**Given data:**
════════════════════

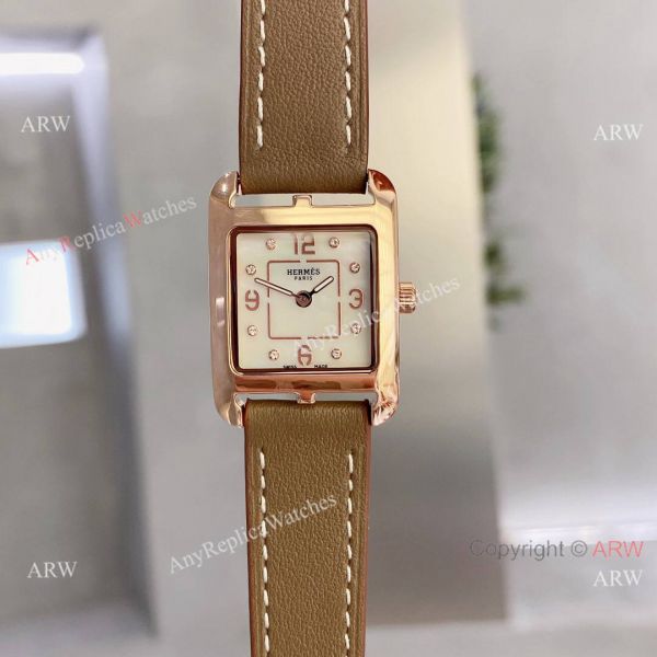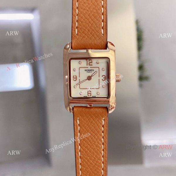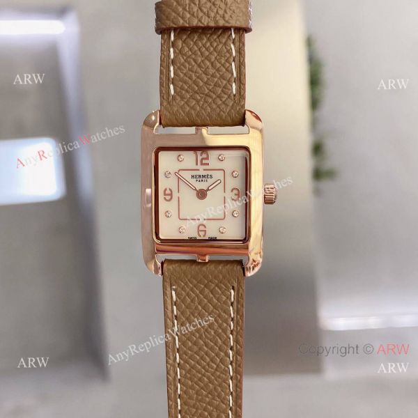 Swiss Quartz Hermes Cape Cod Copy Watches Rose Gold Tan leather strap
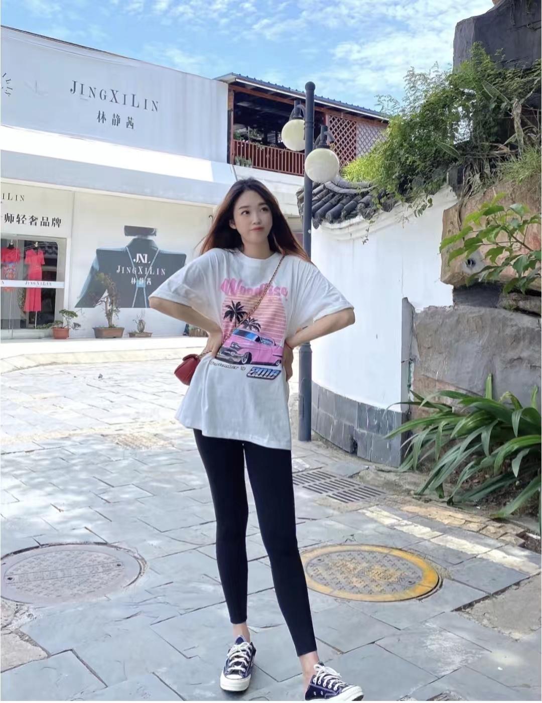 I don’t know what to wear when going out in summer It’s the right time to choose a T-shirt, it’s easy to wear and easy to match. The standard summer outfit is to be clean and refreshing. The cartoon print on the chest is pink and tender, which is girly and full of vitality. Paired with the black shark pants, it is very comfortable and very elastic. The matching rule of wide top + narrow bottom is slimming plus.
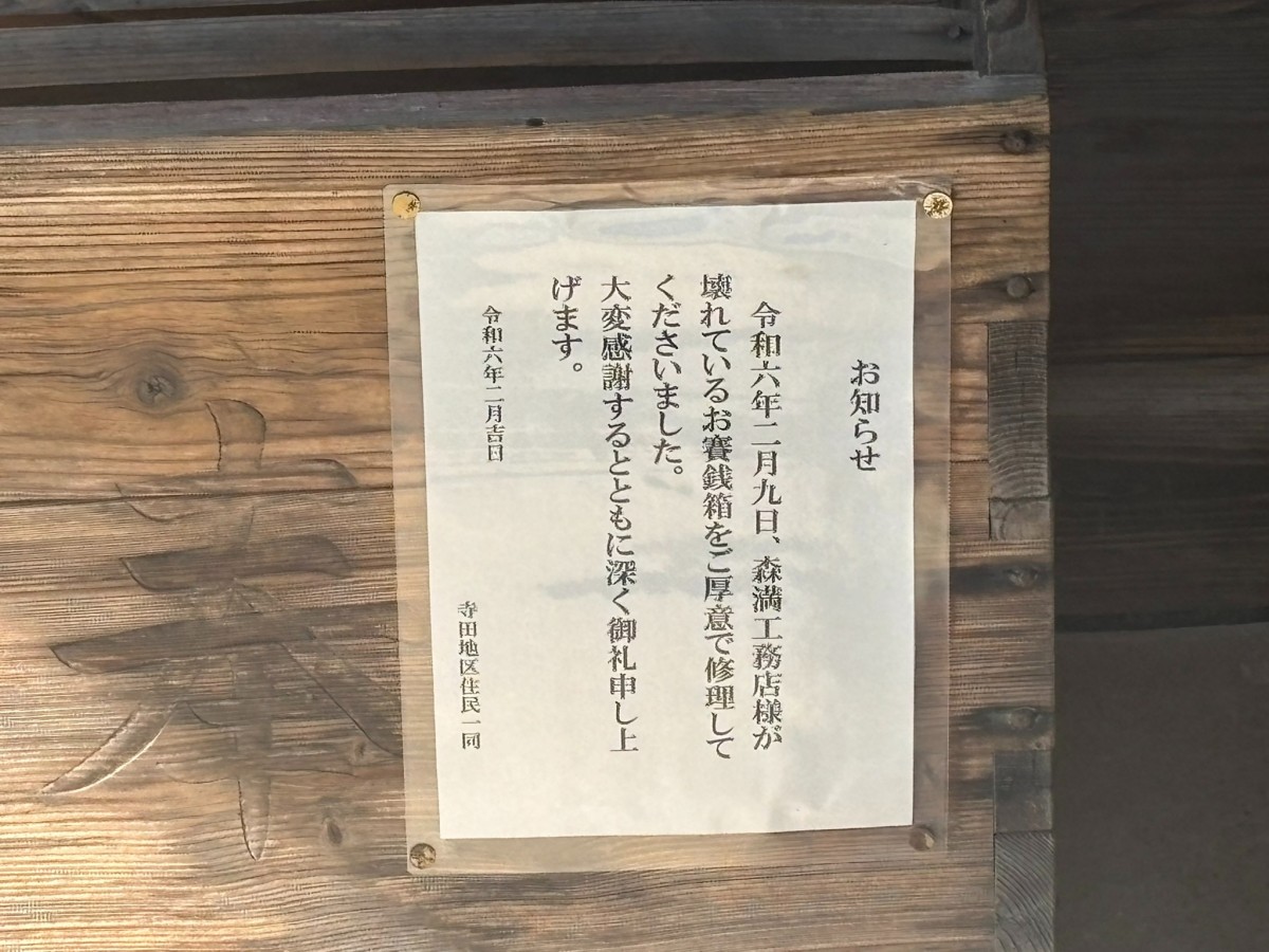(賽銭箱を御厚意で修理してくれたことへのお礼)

════════════════════

**Required work:**
Pictures are to be omitted from the copy. Reproduce exactly, and only, the lines from the one containing "I don’t know" to the end of the listing above.

**Solution:**
 I don’t know what to wear when going out in summer It’s the right time to choose a T-shirt, it’s easy to wear and easy to match. The standard summer outfit is to be clean and refreshing. The cartoon print on the chest is pink and tender, which is girly and full of vitality. Paired with the black shark pants, it is very comfortable and very elastic. The matching rule of wide top + narrow bottom is slimming plus.
(賽銭箱を御厚意で修理してくれたことへのお礼)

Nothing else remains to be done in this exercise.